There are two factors at play in this story. The first being that the banking system model has gone relatively unchanged for hundreds of years and is fundamentally ingrained in the consciousness of society. People are used to banks and keeping their money safe within the security of their vaults. Paychecks are regularly deposited into checking accounts. Bills are paid via direct deposit withdrawn from their accounts. In short, the populace has accepted the banking system as a critical and basic requirement of a normal functioning society and would seemingly be sensitive to any changes in this structure as it deals with money…arguably the most important topic of all.

However, there is a second factor in this narrative. This is the very fact that the banking system has not sustained a substantive change in quite some time. And while people may accept banks as an a priori requirement of maintaining a civil community, there is burgeoning discontent with the current system. Movements like Occupy Wall Street and the anger levied towards the bailouts are prime examples of the attitude bubbling up through the national dialogue. Couple this with the annihilation of the middle class and you have the ingredients for discontent towards those in power…and the banks can definitely be classified as “those in power”. Sooner or later, when people lose all of their purchasing power they will look to those who have it all, and you better bet Wall Street will be on the right side of the trade.

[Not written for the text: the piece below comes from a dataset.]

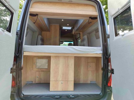La salle d’eau (empruntée au Regent EB) est logiquement positionnée sur l’avant du véhicule. On retrouve un lavabo rétractable ainsi qu’un WC et une douche isolable par des portes à battants et un rideau Nylon. Ce choix permet de disposer en partie arrière de lits jumeaux de 2 mètres pour l’un et 1,85 m pour l’autre avec une largeur commune de 80 cm. Les couchages profitent de sommier à assiettes Fröli et peuvent, si besoin, être réunis. A noter que la tête de lit est commune et peut se relever pour libérer l’espace en soute pour y entreposer, pourquoi pas, un vélo. Le plus intéressant se trouve au pied de lit.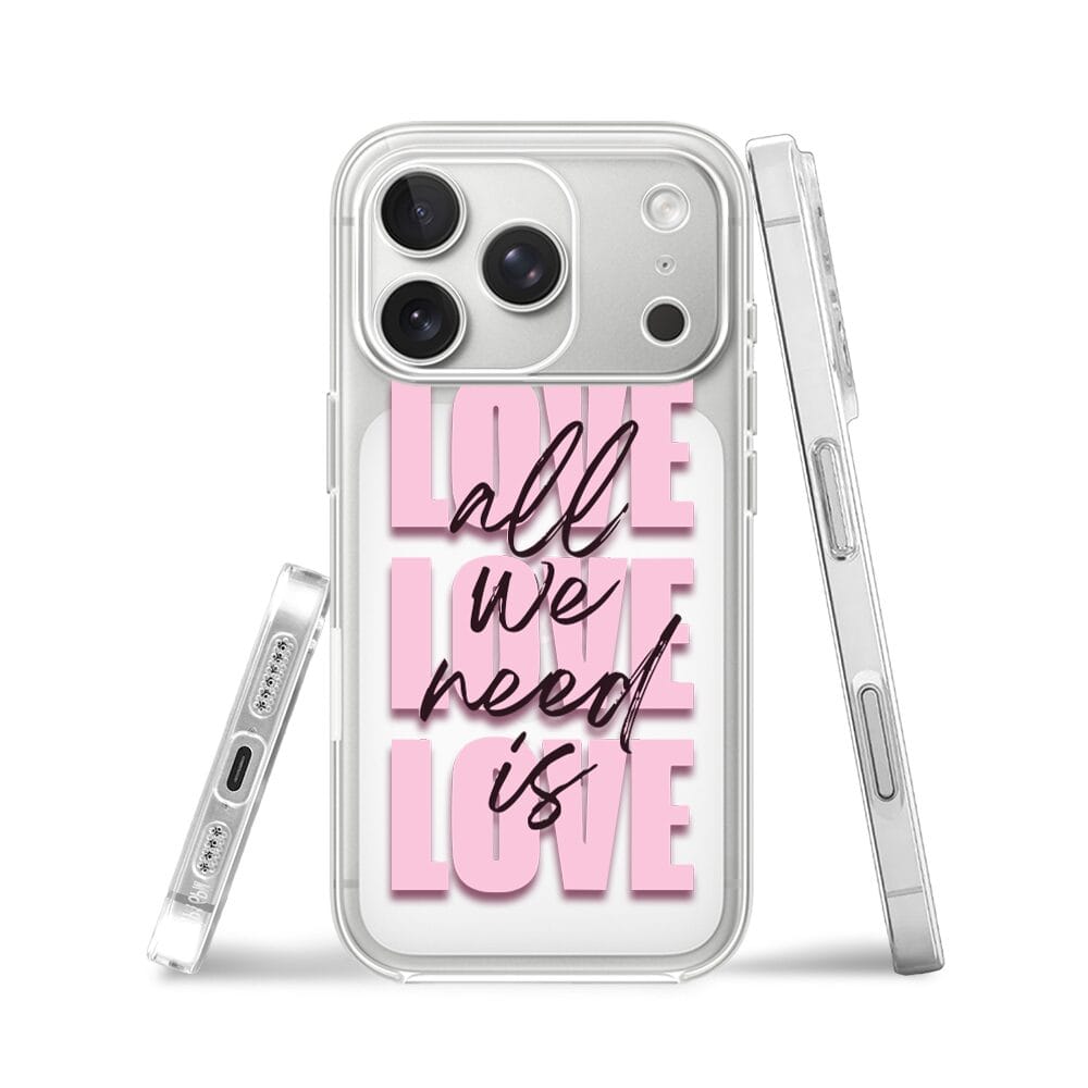 Etui do iPhone 17 przeźroczyste, silikonowe Flexi, Positive Vibes, All We Need Is Love

Bitcoin, I believe, is the outgrowth of the aforementioned disgruntlement. It gives the population a means to opt out of the current monetary system, one that has seen little to no innovation over the years. Disruption is the name of the game when it comes to cryptocurrencies and the leader in the space, bitcoin, will disrupt the current system. Unfortunately I don’t think things will change until there is an utter collapse in the monetary fairyland we live in today. While the masses may hate Wall Street and the banking system they will surely hate change more than anything else. Change scares people and digital money is a big change for us.

Bitcoin wins in the monetary reset but the powers that be will not engage in a controlled demolition of the system that works so well for them and their cohorts. They will fight until the bitter end until they have to capitulate. And capitulate to Bitcoin they will – and once this world of money surrenders to the unstoppable force of decentralization everything else will follow.